4) [Optional] Paint in the border areas using stain.  This takes a few coats as the carpet doesn't like taking the stain very much and - depending on how picky you are - you may find yourself wanting to touch it up again after a few plays as well.



For storage, clip it to your bulletin board to prevent creases forming and simply stand it up against a wall somewhere.  If you use your bulletin board during play like I do, be aware that the frame will not support the cork very well under the weight of the lead so put some magazines between the cork and the table top during play to ward off disaster.  Slingshot journals are perfect...


So there it is.  It's not the cheapest way to do it, but I found it to be enjoyable to make, and I'm reasonably satisfied with the results.  It makes for a tough, hard-wearing surface that looks OK and unlike more sophisticatedly modelled boards which use sand, small stones, flock and so on it won't scratch the backs of your C&C:A cards (which is a very important consideration for C&C players!).

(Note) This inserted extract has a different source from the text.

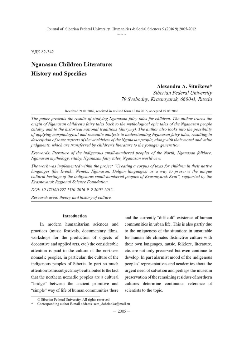 Библиографическое описание: Sitnikova, Alexandra. Nganasan Children Literature: History and Specifics = Нганасанская детская литература: история и специфика / A. A. Sitnikova. - Текст : непосредственный // Журнал Сибирского федерального университета. Гуманитарные науки. - 2016. - Т. 9, № 9. - С. 2005-2012. - Библиогр.: с. 2010-2012. - ISSN 1997-1370.

All told, I'd say it took about five or six hours to make and - give or take a spray can or two - about $100 US at the current exchange rate.  As I said earlier, if you compare that to the price of a Hotz mat you might find them to be a better option.  That said, you won't get your hotz mat next day, and spray paint may be cheaper where you are than it is in Japanese hobby shops. 
   

5 comments:

  1. First off, thanks for the excellent tutorial. I have a subconscious desire to build one myself but may just go ahead and purchase one. I think shipping to the States makes it even more economical. I might also use DIY spray paint to reduce costs if so inclined. One thing I've been trying for is a roughly 3' x 4' gaming area (~91cm x 122cm). I'm also considering a zuzzy mat and possibly foam tiles. But as usual I'm in the theoretical stage. Your tutorial will help get me past that. Thanks again.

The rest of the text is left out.